There's no way around understanding the Framework
My hope was that constructing a Flink app would be a quick project and I wouldn't get too into the weeds with the inner workings of the Flink framework. This app confirmed what I held true of frameworks: that any non-trivial project will require you to grapple with their low level details. The thought has certainly crossed my mind whether we could have written a stream processing application without all the heavy-dutiness of Flink, but for anyone writing two or more stream processing applications of this sort, I could see the cost-benefit inequality working out in favor of learning Flink, thereby amortizing the cost of learning its characteristics. The appeal of running in a managed environment via Kinesis Data Analytics means hopefully recouping some maintenance cost in the long-run too, another very attractive proposition.To those seeking to learn Flink, I would recommend Stream Processing with Apache Flink. I discovered it much too late, and I would have saved a lot of time had I started with this book before diving into Flink. It covers Flink with a very logical flow that leads to, in my experience, a much better understanding of the topics presented than documentation on the Flink project website.

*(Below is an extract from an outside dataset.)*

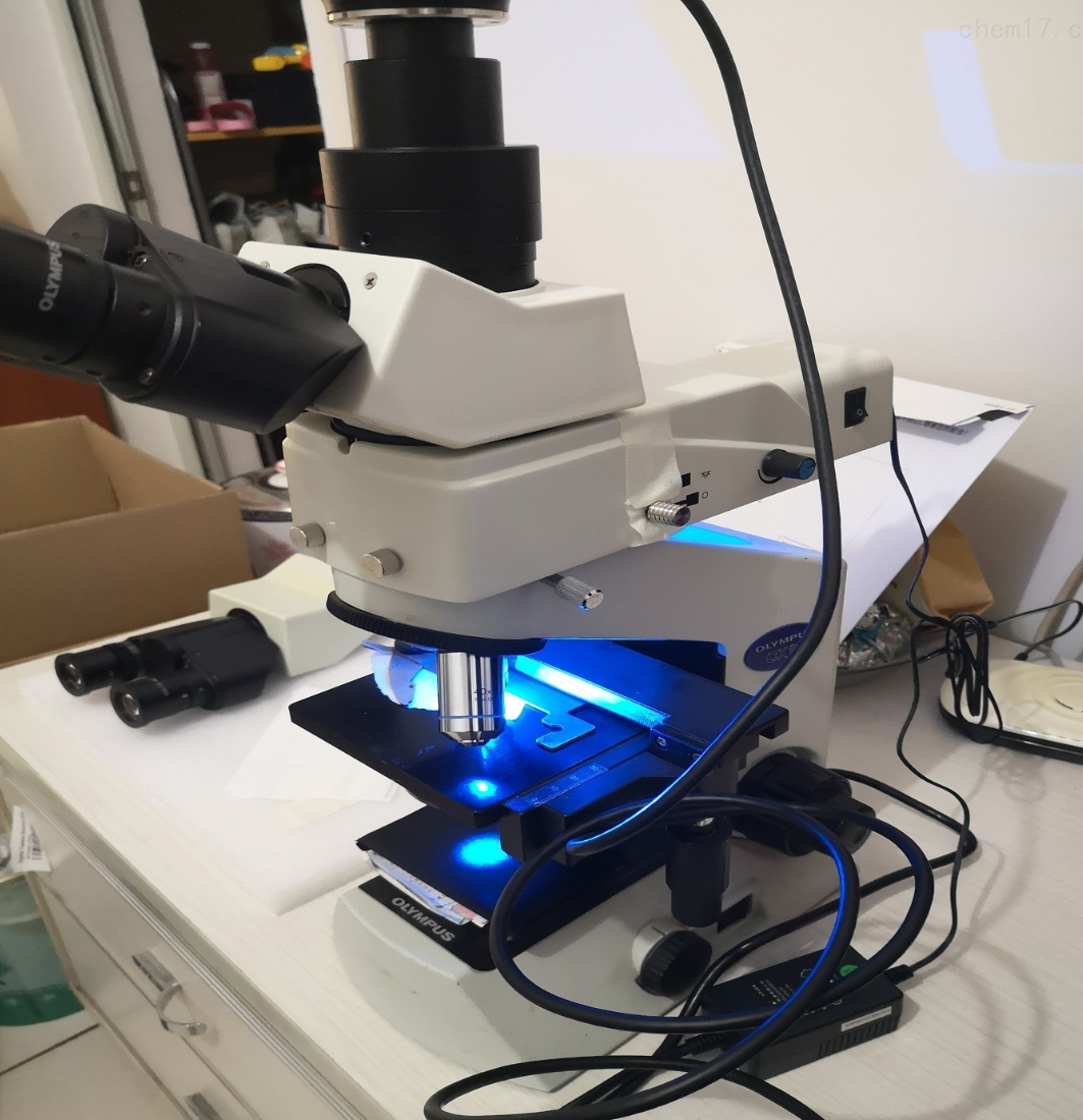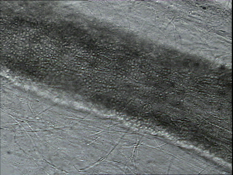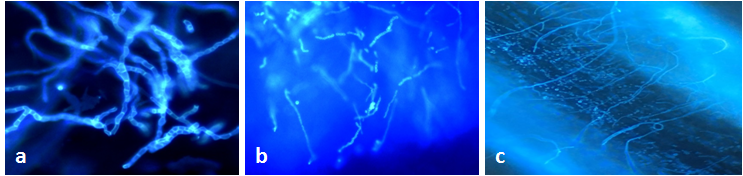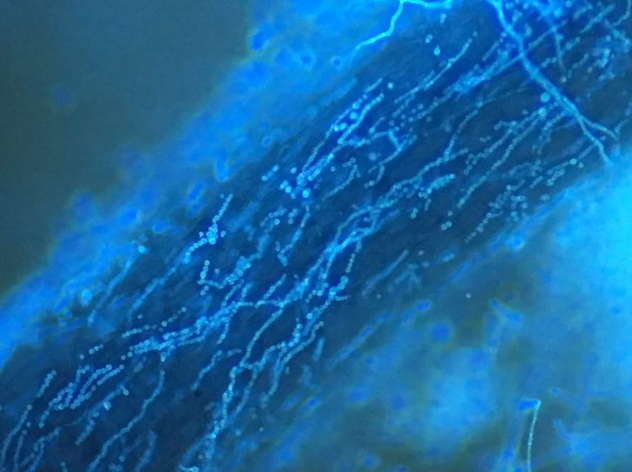 (荧光显微镜下可见头发上镶嵌大量真菌菌丝和孢子)
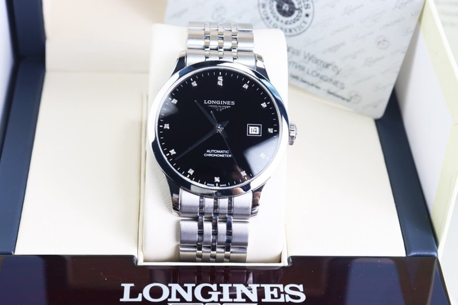 Longines Record L2.821.4.57.6 Chronometer Automatic Diamond Size 40mm Fullbox.

Comparison to KDA SQL application
As hoped, the KDA app has so far withstood the large input values which tripped up the SQL implementation. This comes at the expense of a wildly larger amount of code.
$sloccount .
SLOC Directory SLOC-by-Language (Sorted)
566 src_main java=566
408 src_test java=408
Totals grouped by language (dominant language first):
java: 974 (100%)
Both the SQL application and Flink support autoscaling on KDA, though they expose different parameters for tuning it. The Flink runtime offers two parameters:
- Parallelism: The total parallelism of the application
- ParallelismPerKPU: The max # of tasks which can be scheduled on a single KPU
It's too early to weigh in on the comparative operational burden of the two services, but my worst nightmare when running services such as these is magical, unexplainable behavior, and lacking the source code to the SQL runtime makes encountering these sorts of issues seem more likely in the SQL application versus the Flink one.